The layout of Richmond International Raceway, the venue where the race was at.

Richmond International Raceway (RIR) is a 3/4-mile (1.2 km), D-shaped, asphalt race track located just outside Richmond, Virginia in Henrico County. It hosts the NASCAR Cup Series, Xfinity Series and the NASCAR Camping World Truck Series.
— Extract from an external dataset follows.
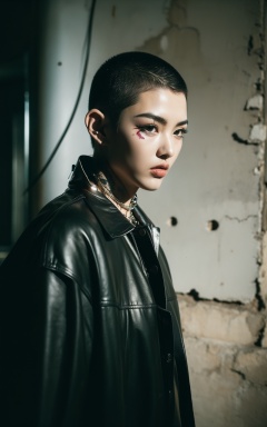 Best quality, masterpiece, ultra high res, (photorealistic:1.4), (B&W:0.6), raw photo, rim lighting, two tone light, professional, photoportait,,1girl, (buzz cut:1.1), (tattoo:1.1), injured, gucci, versace, cool, necklace, point-of-view,,damaged walls, concrete wall, street, Rubbish,Neon lights, noisy crowds,Dilapidated buildings,Overgrown with grass

Known as "America's premier short track", it formerly hosted an IndyCar Series race and two USAC sprint car races.

=== Entry list ===

| # | Driver | Team | Make |
| 0 | Ward Burton | Haas CNC Racing | Chevrolet |
| 01 | Joe Nemechek | MBV Motorsports | Chevrolet |
| 2 | Rusty Wallace | Penske-Jasper Racing | Dodge |
| 02 | Hermie Sadler | SCORE Motorsports | Chevrolet |
| 4 | Jimmy Spencer | Morgan–McClure Motorsports | Chevrolet |
| 5 | Terry Labonte | Hendrick Motorsports | Chevrolet |
| 6 | Mark Martin | Roush Racing | Ford |
| 7 | Dave Blaney | Ultra Motorsports | Dodge |
| 8 | Dale Earnhardt, Jr. | Dale Earnhardt, Inc. | Chevrolet |
| 9 | Kasey Kahne | Evernham Motorsports | Dodge |
| 09 | Bobby Hamilton Jr. | Phoenix Racing | Dodge |
| 10 | Scott Riggs | MBV Motorsports | Chevrolet |
| 12 | Ryan Newman | Penske-Jasper Racing | Dodge |
| 15 | Michael Waltrip | Dale Earnhardt, Inc. | Chevrolet |
| 16 | Greg Biffle | Roush Racing | Ford |
| 17 | Matt Kenseth | Roush Racing | Ford |
| 18 | Bobby Labonte | Joe Gibbs Racing | Chevrolet |
| 19 | Jeremy Mayfield | Evernham Motorsports | Dodge |
| 20 | Tony Stewart | Joe Gibbs Racing | Chevrolet |
| 21 | Ricky Rudd | Wood Brothers Racing | Ford |
| 22 | Scott Wimmer | Bill Davis Racing | Dodge |
| 24 | Jeff Gordon | Hendrick Motorsports | Chevrolet |
| 25 | Brian Vickers | Hendrick Motorsports | Chevrolet |
| 29 | Kevin Harvick | Richard Childress Racing | Chevrolet |
| 30 | Johnny Sauter | Richard Childress Racing | Chevrolet |
| 31 | Robby Gordon | Richard Childress Racing | Chevrolet |
| 32 | Ricky Craven | PPI Motorsports | Chevrolet |
| 38 | Elliott Sadler | Robert Yates Racing | Ford |
| 40 | Sterling Marlin | Chip Ganassi Racing | Dodge |
| 41 | Casey Mears | Chip Ganassi Racing | Dodge |
| 42 | Jamie McMurray | Chip Ganassi Racing | Dodge |
| 43 | Jeff Green | Petty Enterprises | Dodge |
| 45 | Kyle Petty | Petty Enterprises | Dodge |
| 48 | Jimmie Johnson | Hendrick Motorsports | Chevrolet |
| 49 | Ken Schrader | BAM Racing | Dodge |
| 50 | Derrike Cope | Arnold Motorsports | Dodge |
| 72 | Kirk Shelmerdine | Kirk Shelmerdine Racing | Ford |
| 77 | Brendan Gaughan | Penske-Jasper Racing | Dodge |
| 80 | Randy LaJoie | Hover Motorsports | Ford |
| 88 | Dale Jarrett | Robert Yates Racing | Ford |
| 89 | Morgan Shepherd | Shepherd Racing Ventures | Dodge |
| 94 | Stanton Barrett | W. W. Motorsports | Chevrolet |
| 97 | Kurt Busch | Roush Racing | Ford |
| 98 | Todd Bodine | Mach 1 Motorsports | Ford |
| 99 | Jeff Burton | Roush Racing | Ford |
Official entry list

== Practice ==

=== First practice ===
The first practice session was held on Friday, May 14, at 11:20 AM EST, and would last for two hours. Ryan Newman of Penske-Jasper Racing would set the fastest time in the session, with a lap of 20.367 and an average speed of 132.567 mph.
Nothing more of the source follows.